╭─ RECORDS FOR THIS TASK
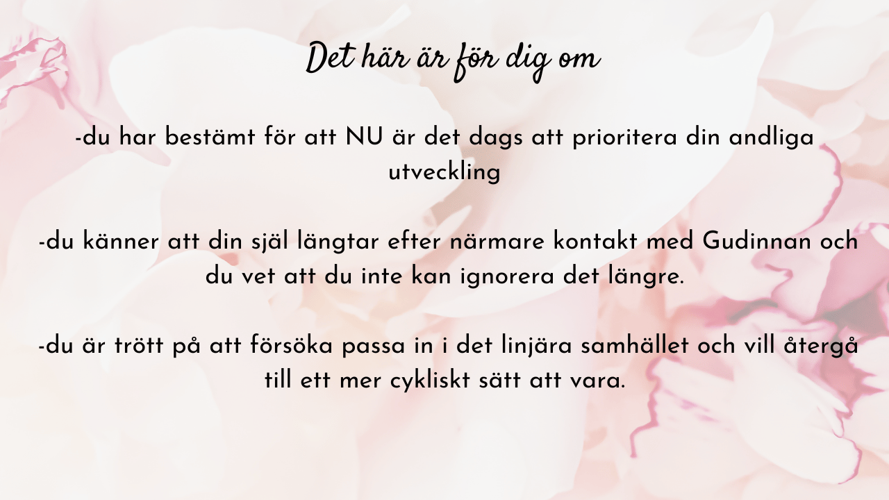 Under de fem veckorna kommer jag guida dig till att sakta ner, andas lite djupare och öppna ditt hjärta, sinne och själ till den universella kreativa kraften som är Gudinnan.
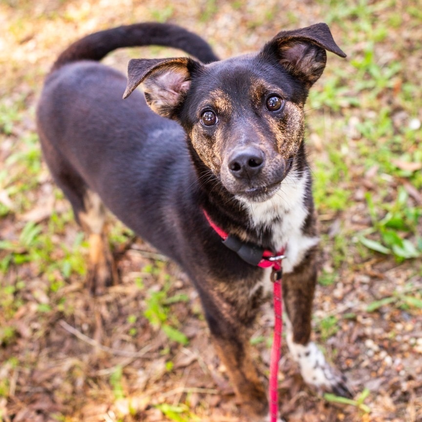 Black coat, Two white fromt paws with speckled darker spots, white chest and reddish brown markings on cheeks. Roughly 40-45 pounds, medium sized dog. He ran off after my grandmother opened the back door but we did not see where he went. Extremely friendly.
╰─
╭─ RECORDS FOR THIS TASK
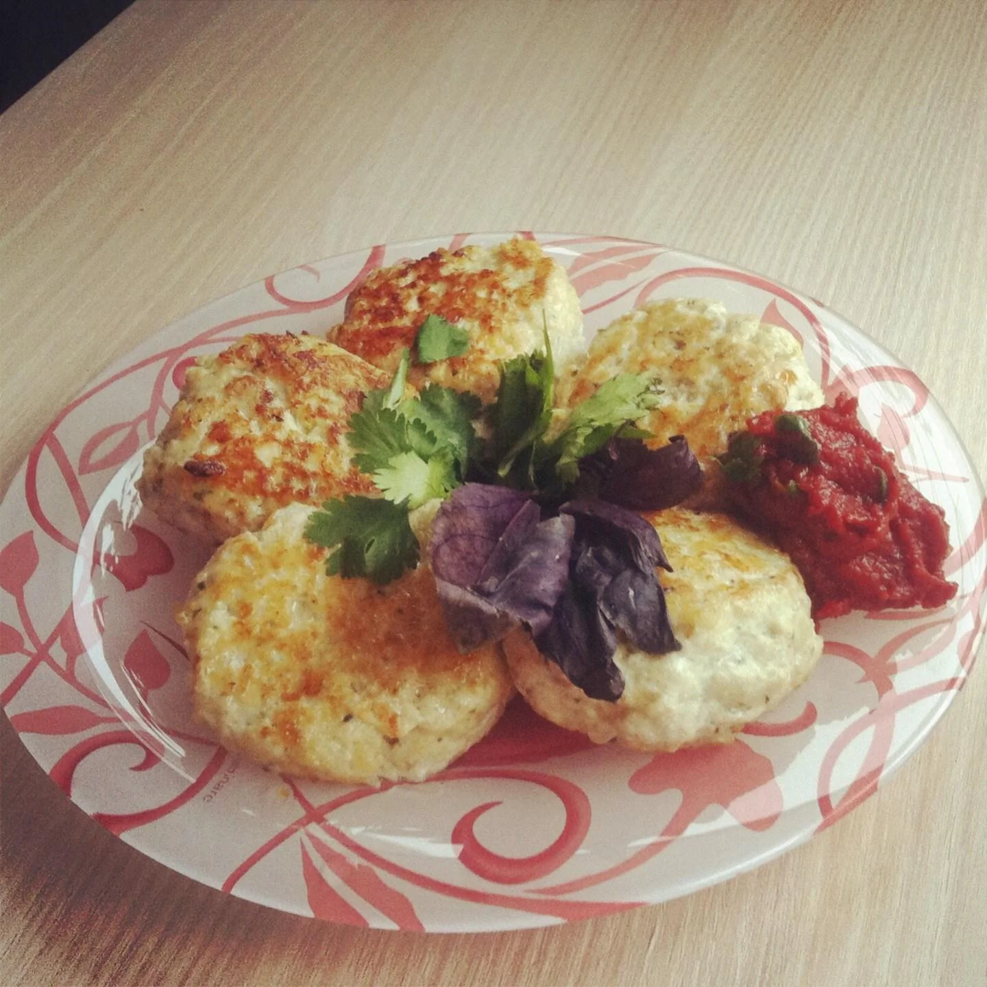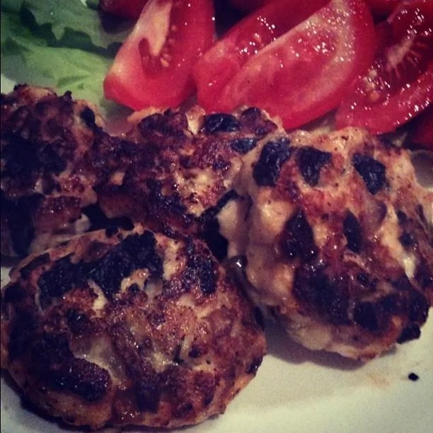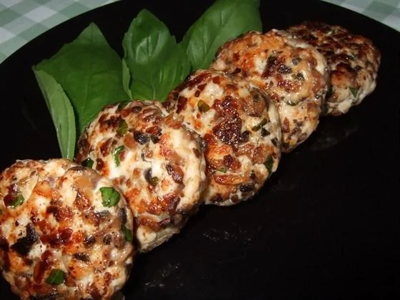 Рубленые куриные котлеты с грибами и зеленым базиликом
╰─
__YOUR ASSIGNMENT__
Treat the line with "Under de fem" as the start and the line with "Black coat, Two" as the end, and return exactly that span of the data above, both ends included, without pictures.

__ANSWER BELOW__
 Under de fem veckorna kommer jag guida dig till att sakta ner, andas lite djupare och öppna ditt hjärta, sinne och själ till den universella kreativa kraften som är Gudinnan.
 Black coat, Two white fromt paws with speckled darker spots, white chest and reddish brown markings on cheeks. Roughly 40-45 pounds, medium sized dog. He ran off after my grandmother opened the back door but we did not see where he went. Extremely friendly.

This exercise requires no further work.